In July of the same year, the entrepreneur Edson Queiroz acquires a TV license from Contel, approved on May 23, 1969, by then-president Costa e Silva. On July 30, the concession of the 10 VHF channel is finally handed over to Queiroz. Sixty days later, at a lunch at Fortaleza Air Base in honor of Wing Week, Edson officially announced the implementation of the second television channel in Fortaleza, which until then had only one TV station, TV Ceará (channel 2), a Rede Tupi owned-and-operated station, owned by the Diários Associados group.

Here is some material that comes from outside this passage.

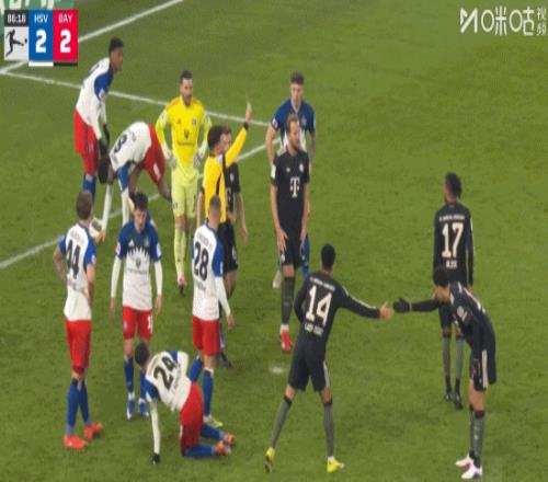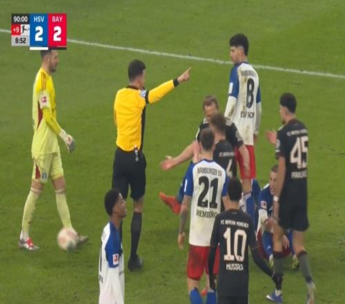 第99分钟,斯坦尼西奇被武什科维奇推搡撞向另一名汉堡球员,主裁判判罚进攻犯规,引发拜仁球员更激烈的抗议。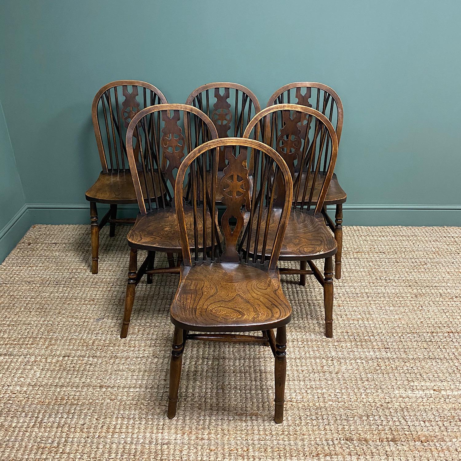 Six Country House Kitchen Elm Antique Windsor Chairs

On October 23, 1969, the station's signal went on air experimentally, not yet with the TV Verdes Mares branding. In record time, Queiroz began assembling the structure of the station, which would be located in an area of 9 000 m^{2} in the Estância Castelo district (now Dionísio Torres).

===Independent station (1970–1974)===
On January 31, 1970, at 7:30 pm, TV Verdes Mares was officially inaugurated, with a mass celebrated at the station's headquarters and the premiere of newscast Telejornal Padrão, with a duration of 20 minutes, anchored by journalist Mardônio Sampaio. The opening party had the presence of Hebe Camargo, Ronald Golias and Pedrinho Mattar.

In its beginnings, the station signed on at noon, with a 20-minute newscast anchored by Cirênio Cordeiro. At 10 pm, another newscast was broadcast, in a magazine format. Irapuan Lima and Matos Dourado hosted two auditorium variety shows at this time, while the other part of the schedule was filled with programs from Rede Globo and Rede de Emissoras Independentes, headed by TV Record and TV Rio. Inspired by sister radio station Rádio Verdes Mares (810 kHz), which had was acquired by Edson Queiroz seven years before its launch, most of its professionals were brought from the station. In a short time on the air, TV Verdes Mares surpasses TV Ceará's ratings.

From 1973 onwards, TV Verdes Mares began to have translator stations in the interior of Ceará and to some cities in other states, such as Mossoró, in Rio Grande do Norte.

===TV Globo (1974–present)===
In 1974, it began broadcasting Globo's programming as an official affiliate, and in the same year, it made the first color television broadcast throughout the Northeast of Brazil, during the broadcast of the Sereia de Ouro Trophy award, which happened on September 7. From 1994 onwards, it began to build its own transmission line for the translator stations in the interior.

In 2009, a new television news format was adopted in the station. In January, the new sports show Globo Esporte Ceará debuted, with longer duration and a couple of presenters, and in March, the newscasts Jornal do 10 and Jornal do Meio Dia were replaced by two editions of CETV, adapting to the standard format adopted nationally by Rede Globo and its affiliates.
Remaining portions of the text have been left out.